▶ SOURCE DATA
• • •
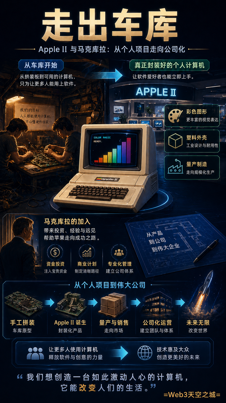 Steve Jobs:我和Mike非常投缘。于是Mike说,几周后我会投入资金。我说,不。现在我们不想要你的钱。我们想要的是你。所以我们说服了Mike,让他以平等合伙人的身份加入我们。于是Mike投入了一些资金。Mike投入了他自己的一些资金。而Mike也亲自投入其中。我们三个人一起出发,采用了这个几乎在Apple II上完成的设计,将其投入生产,并在几个月后的West Coast Computer Fair上发布。
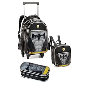 Kit Mochila Carrinho Com Alça Lancheira E Estojo Batman
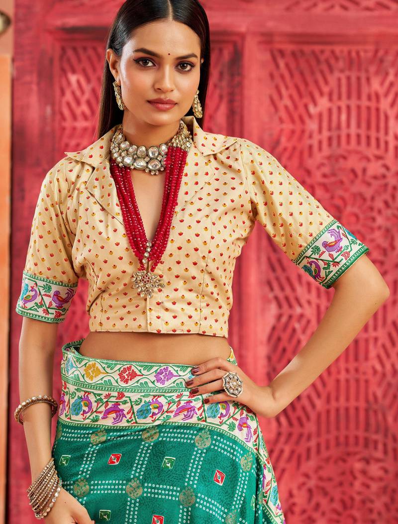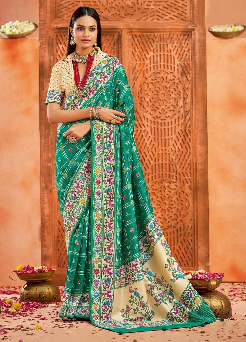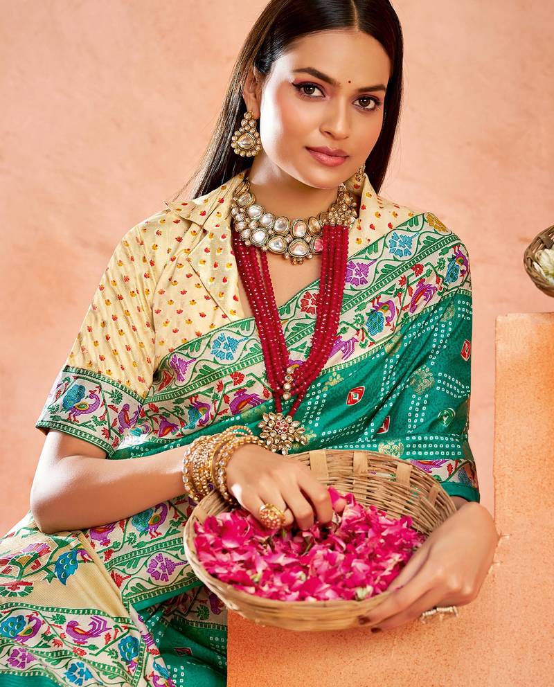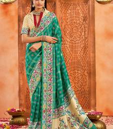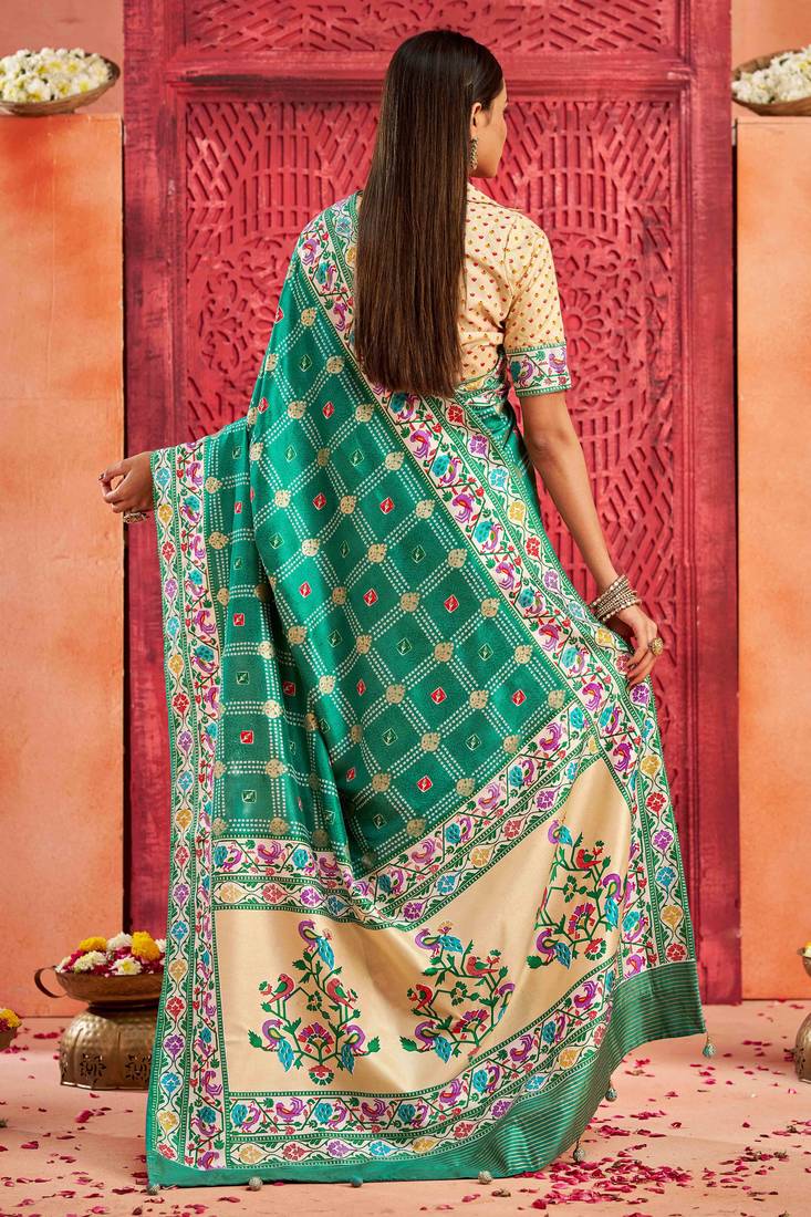 Firozi color velvet tussar silk blend fabric partywear saree with paithani pallu and traditional ghatchola print
• • •
▶ EXERCISE REQUIREMENTS
Give back the whole listing exactly; no pictures.

▶ TASK RESULT
 Steve Jobs:我和Mike非常投缘。于是Mike说,几周后我会投入资金。我说,不。现在我们不想要你的钱。我们想要的是你。所以我们说服了Mike,让他以平等合伙人的身份加入我们。于是Mike投入了一些资金。Mike投入了他自己的一些资金。而Mike也亲自投入其中。我们三个人一起出发,采用了这个几乎在Apple II上完成的设计,将其投入生产,并在几个月后的West Coast Computer Fair上发布。
 Kit Mochila Carrinho Com Alça Lancheira E Estojo Batman
 Firozi color velvet tussar silk blend fabric partywear saree with paithani pallu and traditional ghatchola print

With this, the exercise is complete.